To test the check locally and have code suggestions, we can install Datadog
libraries using pip
or by following official guide from Datadog using
(pipx
). For the pip
method
you can install two packages (under venv
is recommended but not required):
$ pip install datadog-checks-base
$ pip install datadog-checks-dev
Implementing functions for our check
We plan to report the following information:
- currently upgradable packages,
- days since last reboot,
- major version of the OS.
Currently upgradable packages
To detect if there are any packages that can be upgraded, on Debian-based
systems we can use apt
command. We first list the packages that can be
upgraded and then count the number of lines in the output.
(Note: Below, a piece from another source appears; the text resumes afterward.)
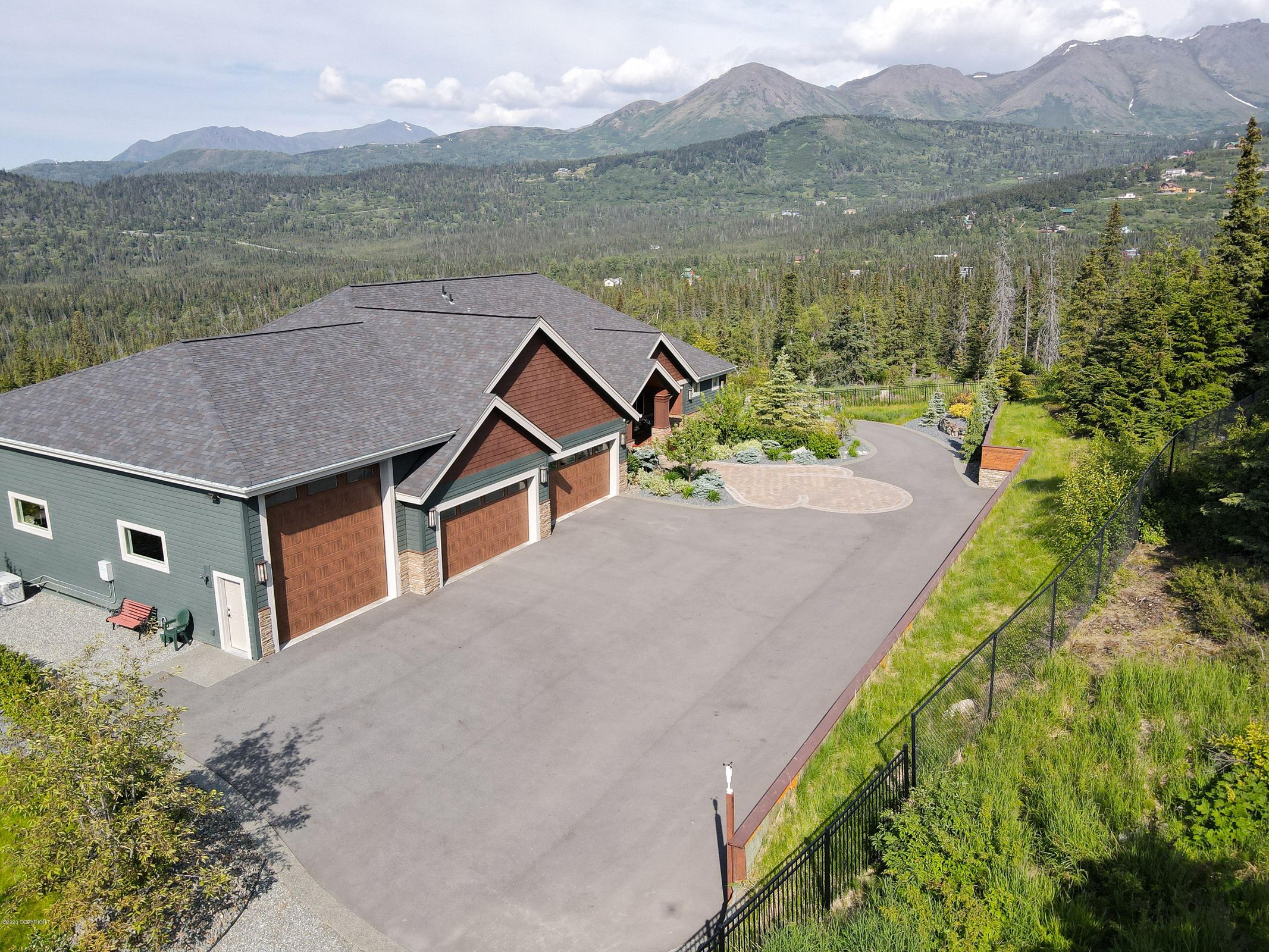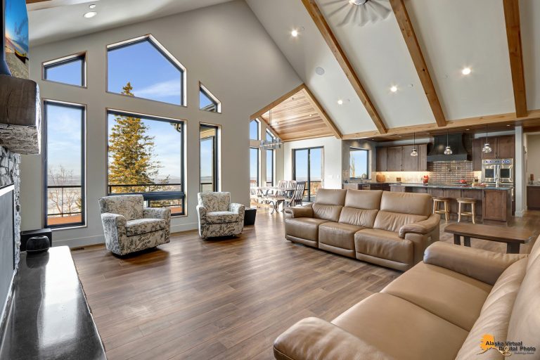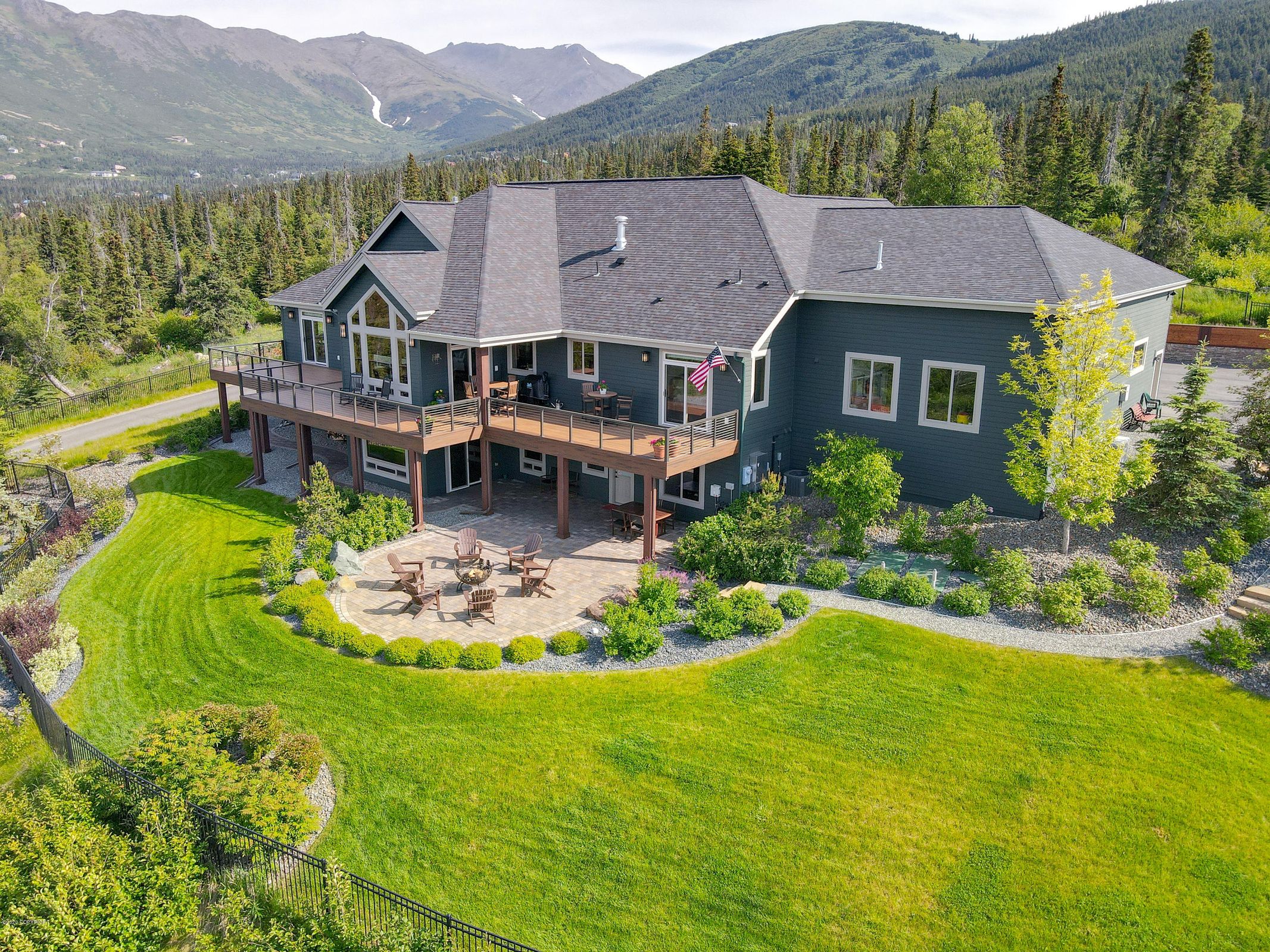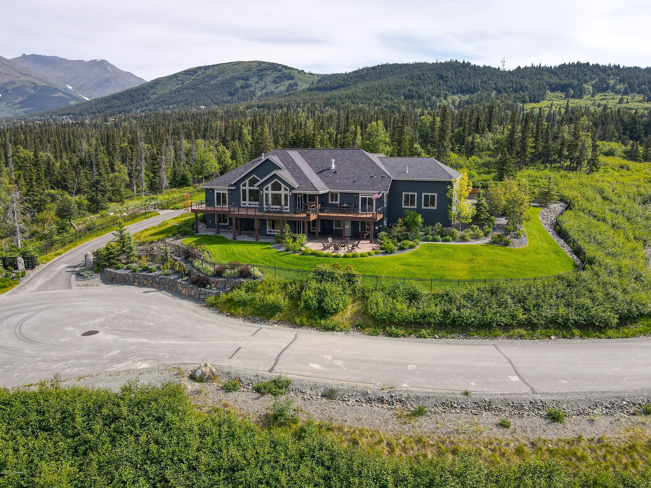 Nestled in the pristine mountains above Anchorage, this exquisite custom-built home is the fulfillment of a lifelong dream, offering a perfect blend of off-the-grid luxury with the convenience of city amenities. It’s a haven where every detail echoes the grandeur of Alaska, from local historical touches to modern luxuries, creating a living experience that's simply unparalleled.

In bash we do it like
this:
$ apt -qq list --upgradable 2>/dev/null | wc -l
We query apt
cache, use -qq
to not print extra Listing...
line, redirect
stderr to null to ignore any warnings and count the lines with wc -l
. On
RedHat-based systems, we can use dnf
command:
$ dnf -q check-update 2>/dev/null | grep -v ^$ | wc -l
Here we need to add also grep -v ^$
to remove empty lines from the output as
dnf
adds an empty line at the top of the output (as of RockyLinux 8.7). You
should test how those commands work on your system beforehand so that the check
is implemented correctly.
So let's convert this to Python now. We will use get_subprocess_output
provided by Datadog to run the command and get the output. We will use Python
built-in functions to do all the needed transformations. To detect the available
package manager, we use shutil.which
that returns the path to the executable
if it exists, otherwise it returns None
. The function will be a new method in
SystemState
class.
class SystemState(AgentCheck):
def get_upgradable_packages(self):
if shutil.which("apt") is not None:
cmd = [ "apt", "-qq", "list", "--upgradable" ] # Debian
elif shutil.which("dnf") is not None:
cmd = [ "dnf", "-q", "check-update" ] # RedHat
else:
return -1 # Not supported
out, _, _ = get_subprocess_output( cmd, self.log, raise_on_empty_output=False )
return len( # Count the lines (wc -l)
list( # Convert to list
filter( # Filter out empty lines (grep -v ^$)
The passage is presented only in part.